Today I am posting out of frustration 🙂 I've heard of a company that seems to be interested in approaching the enterprise 2.0 way of working. However, their first decision point is to calculate a business case (in this case an excel file) for the return on investment of the approach. Of course there is no progress in the project because no partner – not even the technology folks that are so keen on getting their licenses sold – were able to provide the quantified forecast of business contribution (side note: what company would share methodology or numbers on an internal evaluation in that field as a use case??).


I am not surprised. I am rather frustrated. Why hasn't it sunk in with all corporations that the ideology behind enterprise 2.0 (motivating employees to behave in the same agile, pro-active and networked way as they do it in social media) is obviously the key to unlock all the potential that lies within their best assets: their people and the intelectual property that's driving value creation.

Yes, yes, yes. Contribution IS measurable. Improvement of productivity and work efficiency CAN be quantified. Measuring sales acceleration and innovation speed (go to market) IS possible. Sure. I am only challenging the sense in spending hundreds of thousands of Euros in creating benchmarks, driving people nuts by analyzing their daily work and somehow raising the suspicion that there's something going on that might affect corporate headcount… Since I am quite close to the guys in our Customer Interaction business (contact centers) and their project around task work I am aware of the fact that there are methodologies and ways of measuring work place performance. When it comes to taks work and the key indicator of throughput I even agree that initiating projects requires some kind of quantified trigger. Information and knowledge work, where the main goal is to follow the (yaawn) old marketing rule of 1+1=3 shouldn't be approached in that way.

If you disagree of if you have a strong opinion here please(!!!) respond to this post by Twitter, commenting, DesireIT-Group or sending me an email to philipp.rosenthal (at) gmail.com. I am so keen on sparring my thinking with others that have experience in this field. And if you have experience in the actually conducing studies and evaluations in the information worker productivity and networked knowledge field: please share it with me :)) I am eager to learn!

Discuss with me online!!
Please submit some comments, ideas and thoughts at: http://goo.gl/8H6MZ – I am really really keen on getting more beef to the bone of ROI calculations!
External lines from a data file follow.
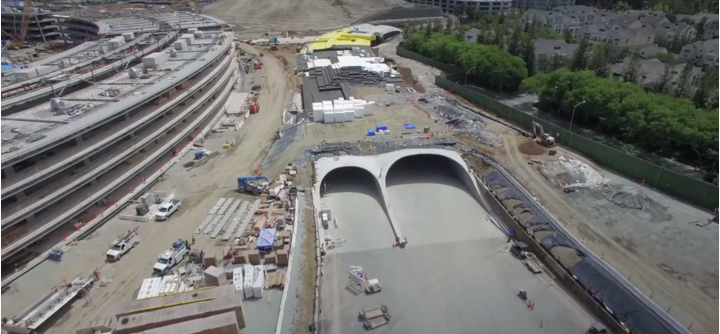 从无人机航拍图中我们可以看到,这座耗资50亿美元的Campus 2已逐渐成形。连接整个园区的隧道、桥梁和坡道正在建设中。
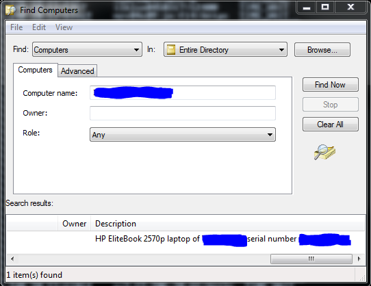 Since it's a big company the hostname is some kind of generated serial which doesn't give much information.
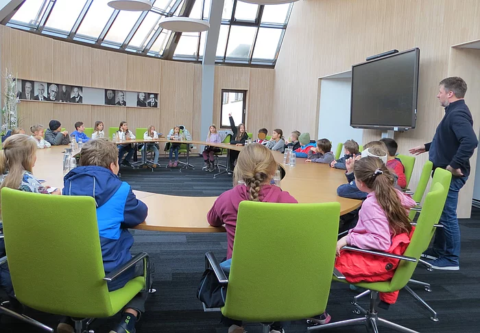 Zuerst durften die Kinder einen Blick in die Kämmerei werfen. Dort lernten sie, wie die Finanzen der Gemeinde verwaltet werden. Besonders beeindruckt waren die Schüler von einem Vergleich: Ein Kubikmeter Wasser aus der Leitung…
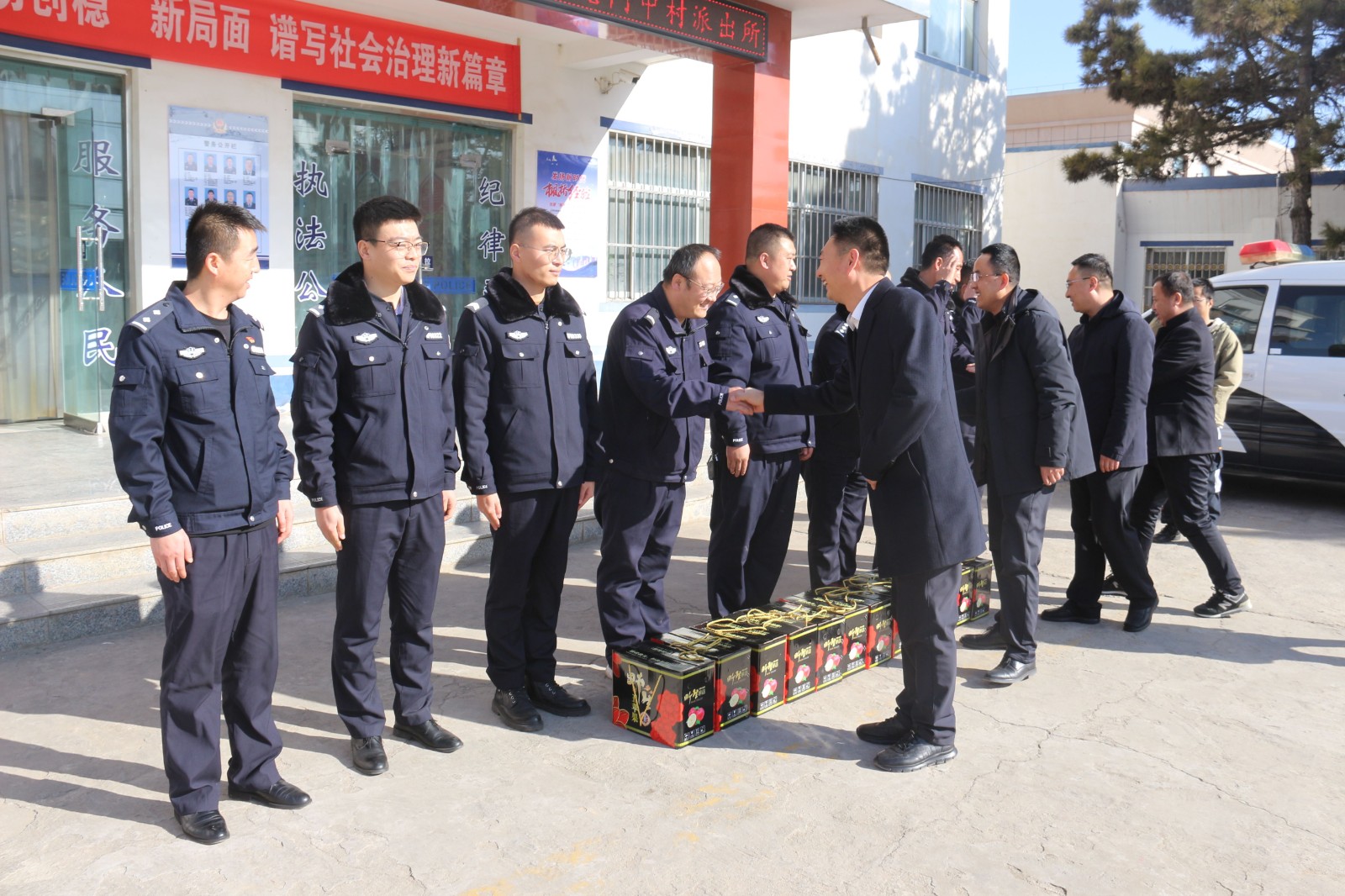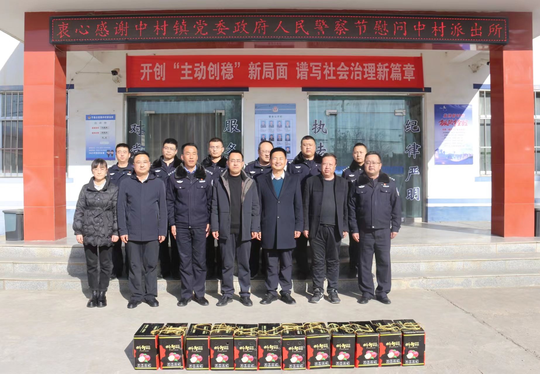 1月10日,在第四个中国人民警察节之际,中村镇党委、政府主要负责人一行到中村派出所开展警察节慰问活动,为他们送上慰问品并向大家致以节日的问候和祝福。

Here some background information and source of my inspiration when it comes to my thinking around enterprise 2.0 and its add value:

Networked enterprise finds its payday (by McKinsey)
The graphic attached to this post was taken out of the article posted by McKinsey in December 2010. What I would really like to know if the respondents have actually (methodologically) measured the stated improvements or if a more qualitative study was conducted with employees to get their feedback on how they perceive and experience the change…

Six ways to make web 2.0 work (by McKinsey)


Even though I consider it pretty common sense I'd like to share  the 6 ways McKinsey has stated in their report that contribute to potential success of the transformation towards a web 2.0 inspired corporation: 

1. The transformation to a bottom-up culture needs help from the top.
2. The best uses come from users—but they require help to scale.
3. What’s in the workflow is what gets used.
4. Appeal to the participants’ egos and needs—not just their wallets.
5. The right solution comes from the right participants.
6. Balance the top-down and self-management of risk.